I really love this build. I have decided when I build my new smoker that i want to build one like this. I have one question how does the burn chamber work? Do you start a fire then pile charcoal on top or is the fire in a separate compartment? Any pics would be appreciated. Also once again awesome build I'm very jealous.


----------



## jtburf

I start a batch of charcoal in a chimney, when its good and hot I dump in the chute and then fill with lump and some chunks of Pecan, Oak, or what ever you like.

I only add pieces about the size of a softball or smaller and only a few.
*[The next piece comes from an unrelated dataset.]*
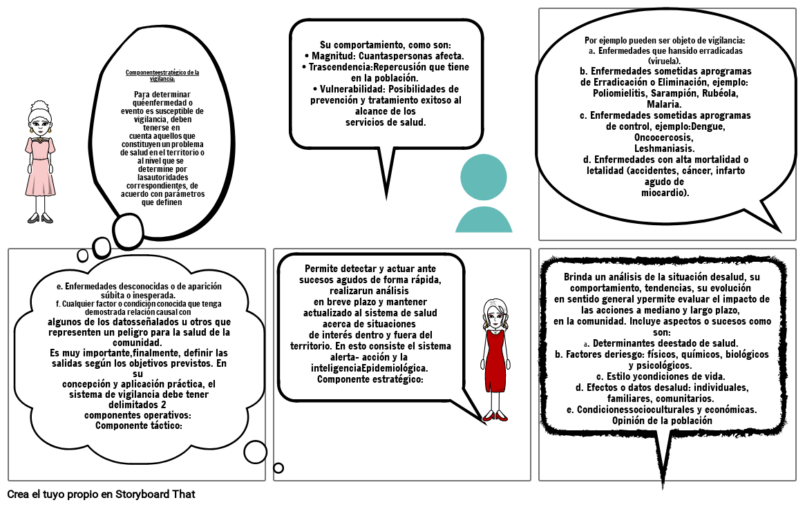 e. Enfermedades desconocidas o de aparición súbita o inesperada. f. Cualquier factor o condición conocida que tenga demostrada relación causal con algunos de los datosseñalados u otros que representen un peligro para la salud de la comunidad. Es muy importante,finalmente, definir las salidas según los objetivos previstos. En su concepción y aplicación práctica, el sistema de vigilancia debe tener delimitados 2 componentes operativos: Componente táctico:

See below at the attached and it will show how the system works.


----------



## msf62000

I get it now. Is the air vent on the ash chamber or where the actual fire is? Thanks for your help.


----------



## fishfeeder

You have really got me wanting to build a GF smoker now...


----------



## jtburf

msf62000 said:


> I get it now. Is the air vent on the ash chamber or where the actual fire is? Thanks for your help.


The "Air vent" actually a small 5cfm fan comes in just below the fire box and is controlled by a small PID. You set a temp, the fan will cycle until that temp is reached and then shutoff, when the temp drops a few degrees the fan cycles again. this limits how much oxygen the fire get so it does not run away and maintains the desired temp you want for cooking.
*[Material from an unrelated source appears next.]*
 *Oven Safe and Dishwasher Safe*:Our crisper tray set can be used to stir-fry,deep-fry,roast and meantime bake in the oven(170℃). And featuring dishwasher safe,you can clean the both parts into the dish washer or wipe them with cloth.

If you look at this picture you will see a small nipple where the fan is connected.

Thanks all,
John


----------



## jtburf

fishfeeder said:


> You have really got me wanting to build a GF smoker now...


Do it and you will love it!

It is really nice being able to go run errands, do stuff away from the house and not worry about running out of wood, fire dyeing, ETC when your smoking.
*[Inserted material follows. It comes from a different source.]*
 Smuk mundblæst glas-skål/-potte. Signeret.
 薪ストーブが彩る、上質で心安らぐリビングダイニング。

This one is admittedly larger than I really need, for the casual smoker a 16"x 24"x24" smoke box would be perfect.

That would allow the whole unit to be smaller.

John


----------



## babyd1971

Do you know anyone in the Houston area that makes these to sale? The smaller one you described would be perfect. I don"t have the tools or skill to weld one myself. Nice build!!


----------



## jtburf

babyd1971 said:


> Do you know anyone in the Houston area that makes these to sale? The smaller one you described would be perfect. I don"t have the tools or skill to weld one myself. Nice build!!


Pitmaker here in Houston builds them, they call theirs the Vault.

http://pitmaker.com/product/vin/?vin=23362368

The original design came from Stumps in Georgia.

http://www.stumpssmokers.com/

Hope it helps.

John


----------



## babyd1971

Thanks for the info! I might go by Pitmaker. There stuff looks really nice!


----------



## TXborn

jtburf said:


> Pitmaker here in Houston builds them, they call theirs the Vault.
> 
> http://pitmaker.com/product/vin/?vin=23362368
> 
> The original design came from Stumps in Georgia.
> 
> http://www.stumpssmokers.com/
> 
> Hope it helps.
> 
> John


I don't believe the "vault" is a gravity fed smoker. It looks like it is just a vertical smoker. I could be wrong, wouldn't be the first or last time

Jesse


----------



## jtburf

babyd1971 said:


> Thanks for the info! I might go by Pitmaker. There stuff looks really nice!


 I do not remember his name however a member of 2cool purchased a vault a short while back, you can do a search and see of you can find it incase you have real world questions.

John


----------



## jtburf

Finally got her painted and then put a few UH stickers on her, smoked 2 briskets, 5 racks of ribs, 1 pork roast and 2 chickens for sons 21st Birthday last weekend.

Wish I would have taken pics of the meat it was devoured by every one.

John


----------